Enclosed in the big brown envelope were many pages of what he titled “Things I Remember.”
He explains in the first two paragraphs that “I’m writing this for my sons, mainly to give them something so they can try to understand a little about things I remember that shaped my life, and indirectly theirs. There is nothing earthshaking about any part of my life, although there are things that I think are of interest and should be recorded, if for no other reason than my belief that they are worth telling.
“I’ve lived a long and interesting life. At least I think so. I’ll try to keep things more or less in their proper order. Looking back now, it’s odd just which things come to mind…”
Thus begins the autobiographical journey of Anthony Weichel.
The Beginning: “Lister Avenue – 1933 … (following a description of the apartment his family lived in) on the other side of our apartment was a cellar room with the electrics for the building. Each apartment had its fuse box and meter with all the needed wires and cables in that cellar room. There was a door and one window in the room. When I say window, I mean window frame, which was all that was left. My sister and I had strict orders to ‘STAY OUT OF THE METER ROOM.’

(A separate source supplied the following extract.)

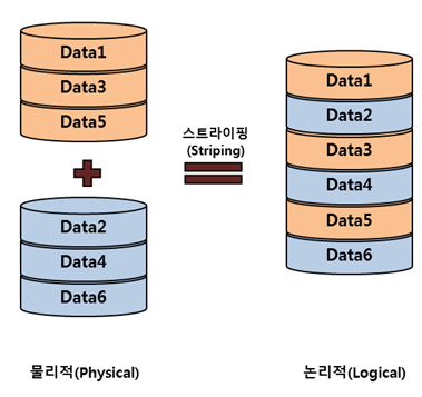성능 향상을 위해 데이터를 1개 이상의 디스크 드라이브에 저장하여 드라이브를 병렬로 사용할 수 있는 기술이다. 즉, 물리적으로 여러 개의 디스크에 나뉘어 저장된 것을 논리적으로 연속된 데이터로 만들어 Reading과 Writing 속도를 올려주는 것이다.

“If I didn’t mention it before, my sister had her own priorities when it came to things in general. Well, one day, after much goading and double-daring from one of the boys who lived in an upstairs apartment, through the window frame my sister climbed and dropped about four feet to the floor of the meter room. No one was going to dare her and get away with it.
“Now, however, she had a little problem. At about three and a half years old, she was not quite tall enough to manage the task of exiting the cellar. Try as she might, the window was too high and the door to the cellar was locked, as one would expect, in order to keep intruders out. After a few attempts, she recognized her plight and called for help.
“The upstairs boys, aware of the taboo, wanted no part of her predicament. So it fell to me, her brother, to do his duty. Through the open window I went and dropped to the floor, gave her a boost up, and out the window she went.
“Before I could even begin to climb back through the window, I heard the cry of my sister, “MAMA, MAMA, SONNY’S IN THE CELLAR!”
All of us, surely, have stories to tell about our life’s journey.
Anthony (“Sonny”) Weichel has many.
His sons are fortunate he has told them.